The ground material enters the system via the feed devices 35 and 52 , while the heated primary air flows through the main channel 37 . Air and ground material combine below the metering devices 35 and 52 and run together through the pre- crushing dryers 33 and 53, in which the raw coal is subjected to a crushing process, the vortex generated in the device causing thorough mixing of the fuel with the warm air and the coal pre-dries. The pre-crushing dryer 33 discharges the mixture of primary air and pre-ground coal through the channel 32, from where this mixture passes through the inlet opening 29 into the tube mill and is added to the batch 23 . The level of the batch is kept at the desired value by the level measuring devices 56 and 61 which give a signal to the control box 58 . This signal is evaluated together with the signal in channel 32 to control the supply quantity. Now the primary air that arrives with the grist flows further upwards over the top of the batch, where it encounters a similar air flow coming from the other end of the mill; the two air currents collide against each other and are forced in the middle of the mill to flow horizontally backwards in reverse. The air flowing in through the neck bearing 21 flows out through the outlet part 31 above the wall 25 . This air naturally contains a certain amount of finely pulverized coal and passes the impact grille 45 on its way through the channel 43. The coarse particles are returned to the mill via the line 46, while the air and the fine particles flow to the burner 12 via the pipes 13. The arrangement of one of the inlet and outlet openings described above at each end of the mill enables its length to be increased significantly.

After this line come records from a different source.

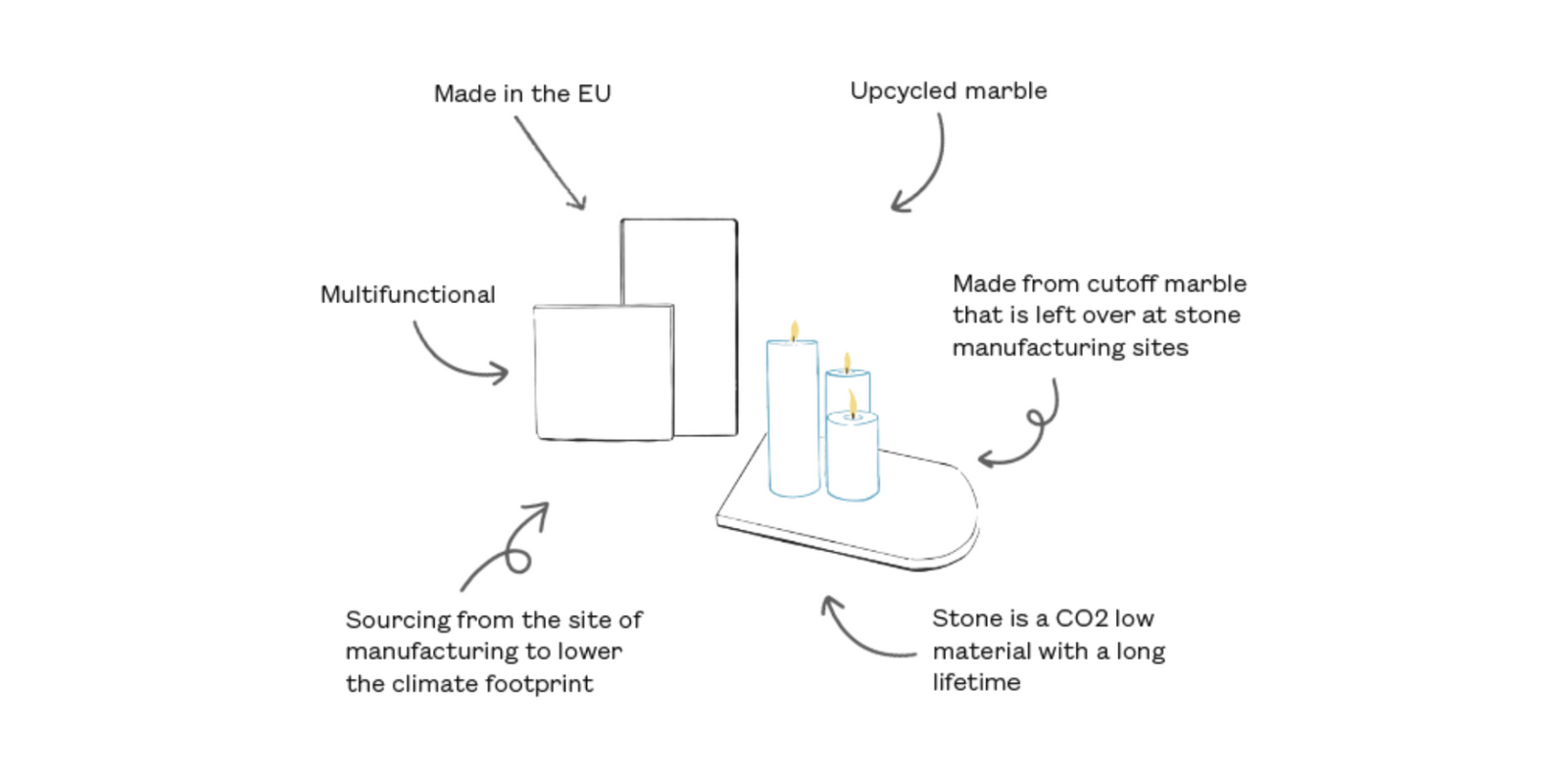 Designed by FÓLK with sustainability in mind - each unique piece showcases the raw elegance of upcycled marble, blending decor and function.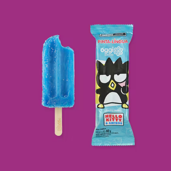 Picolé divertido que pinta a língua, sabor tutti frutti. Alérgicos: Contém glúten e pode conter derivados de leite e castanhas.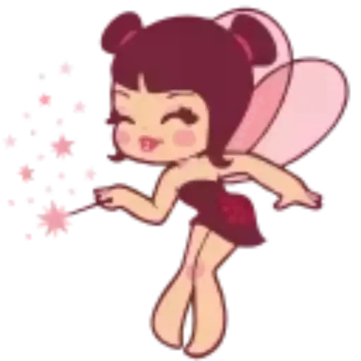 Uma fada cartoon com asas cor-de-rosa e cabelo roxo, vestindo uma roupa vermelha, sorrindo e fazendo um gesto mágico com sua varinha.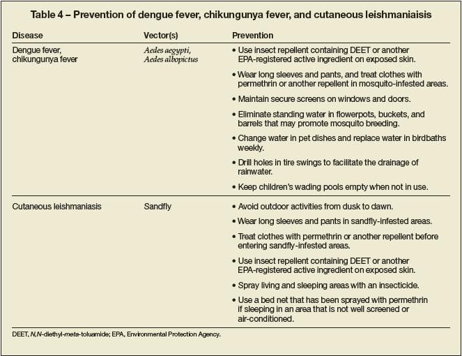 CHIKV infection should be a consideration in travelers with fever and arthralgias who have recently returned from areas where CHIKV is transmitted. Acute- and convalescent- phase serum specimens can be submitted to the CDC for testing through state health departments. Unfortunately, no vaccine or specific antiviral treatment exists. Therapy consists of supportive care, including rest, fluids, and antipyretics. Late-stage symptoms have demonstrated a dramatic response to short term corticosteroid therapy. The CDC suggests that infected persons should be protected from further mosquito exposure by staying indoors or under a mosquito net during the first few days of illness, thus limiting propagation of the transmission cycle.30 Recommendations for prevention are detailed in Table 4.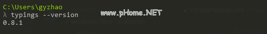 安装完成后,我们需要安装相应的类型信息文件,需要提示函数库或框架。在这里,我们创建一个新的文件夹NodeSnippet,使用命令行进入目录,输入以下两个命令分别安装Node和Lodash的类型接口信息文件: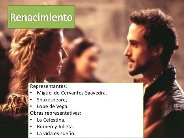 16. 16. Representantes:• Miguel de Cervantes Saavedra,• Shakespeare,• Lope de Vega.Obras representativas:• La Celestina.• Romeo y Julieta.• La vida es sueño.
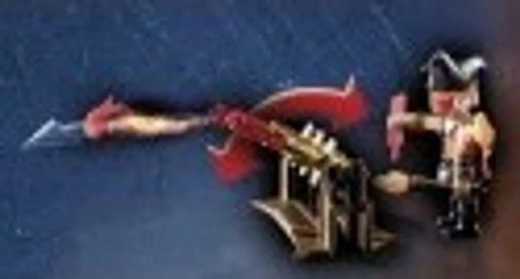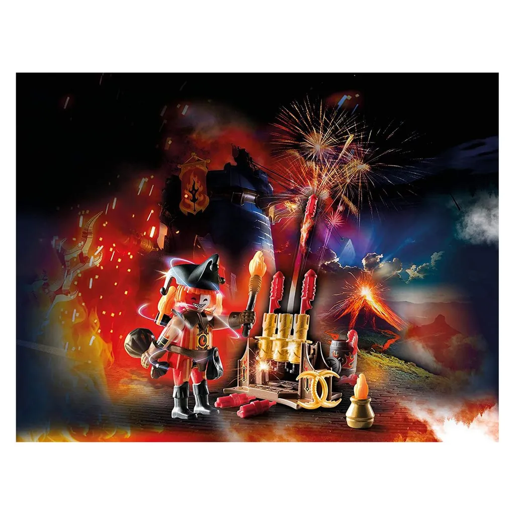 Sprengmeister mit abschießbaren Feuerwerkraketen und Feuerbällen. Figuren: 1 JokerFlammenspieler Tiere: keine Zubehör: 3 Feuerwerraketen, 2 Feuerkugelgeschosse, 1 Dynamitstange, 1 Schwarzpulversäckchen, 2 Fackeln, 1 Fass, 1 Halterung für Flammen, 1 Handschuhe, 1 Gürteltasche

A certain minimum of air flow must be maintained in the lines 13 leading to the burners, otherwise the fuel transport is endangered. If the mill is to be operated at partial load, the air flow diversion via channel 47 must be used. Some of the air flowing downwardly through channel 32 is moved sideways and flows sideways over flaps 48 as the fuel continues to fall down into the ball mill. The air that goes over the flaps 48 also flows over the flap 49, which controls the amount of air diverted. This diverted air meets the air and pulverized coal that is brought up through the channel 43 and flows together with this through the separators 44, 54 and up into the pipes 13. The air flow in the pipes 13 is therefore high greater than the air flow through the mill, so that both a required throttling during grinding operation and a sufficient flow in the drying and burner tubes can be set easily and without a significant decrease in the efficiency of the system.

Subject matter dealt with in the description for which no patent protection is requested do not belong to the invention.

Claims (2)

Patent claims: 1. Tube or drum mill for grinding drying with air flow sifting, the open bearing journals of which are divided by a partition into inlet and outlet openings for the supply and discharge of the ground material and the carrier air, characterized in that the partition for the inlet and outlet openings (29 and 31) is designed as an axially parallel flat wall (25, 26) . 2. Tube mill according to claim 1, characterized in that the partition (25, 26) is stationary with respect to the mill and its plane is inclined to the horizontal. 3. Tube mill according to claim 2, characterized in that the plane of the partition wall (25, 26) is inclined to the horizontal at an angle which corresponds to the inclination of the surface of the mill filling during operation. 4. Tube mill according to one of claims 1 to 3, characterized in that the ducts (32 and 43) leading to the inlet and outlet openings (29 and 31) are closably connected to one another. 5. Tube mill according to spoke 4, characterized in that adjustable control flaps (48 and 49) are provided at the junction of these two channels (32, 43). 6. Tube mill according to one of the preceding claims, characterized in that the partition (25, 26) is offset from the mill axis in such a way that the inlet opening (29) is substantially larger than the outlet opening (31) . Considered publications: German Auslegeschriften No. 1 024 783, 1062 532; U.S. Patent No. 2,174,630.